The `with tempfile.TemporaryDirectory()` is only needed to have an OS independent temporary directory available.
You can also get rid of it like this:

```python
def main():
    cfg = create_basic_pipedag_config(
        "duckdb:////tmp/pipedag/{instance_id}/db.duckdb",
        disable_stage_locking=True,  # This is special for duckdb
    ).get("default")
    ...
```

For a more sophisticated setup with a `pipedag.yaml` configuration file and with a separate database
(i.e. containerized Postgres), please look [here](https://pydiversepipedag.readthedocs.io/en/latest/database_testing.html).

## Troubleshooting

### Installing mssql odbc driver for linux

Installing with
instructions [here](https://docs.microsoft.com/en-us/sql/connect/odbc/linux-mac/installing-the-microsoft-odbc-driver-for-sql-server)
worked.
But `odbcinst -j` revealed that it installed the configuration in `/etc/unixODBC/*`. But conda installed pyodbc brings
its own `odbcinst` executable and that shows odbc config files are expected in `/etc/*`. Symlinks were enough to fix the
problem.
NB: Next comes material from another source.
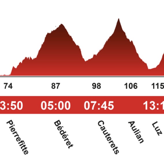 - Du 110e à l’arrivée, l’équilibre se déplace à 52%, voire 52,5% à droite en moyenne avec 2 zones de bérézina complète (mouchetages rouges vers le bas) : je vous le donne en mille… La descente de 2h du col de la Caperette à Luz-Saint-Sauveur et la traversée du Néouvielle retour, avec des pics à 60% à droite.

Try `python -c 'import pyodbc;print(pyodbc.drivers())'` and see whether you get more than an empty list.
Furthermore, make sure you use 127.0.0.1 instead of localhost. It seems that /etc/hosts is ignored.

### Incompatibility with specific `pydiverse.transform` Versions

pydiverse.pipedag currently doesn't support `pydiverse.transform` Versions (0.2.0, 0.2.1, 0.2.2), due to major
differences to pdt 0.2.3 and pdt <0.2.
However, it does still work with pdt <0.2.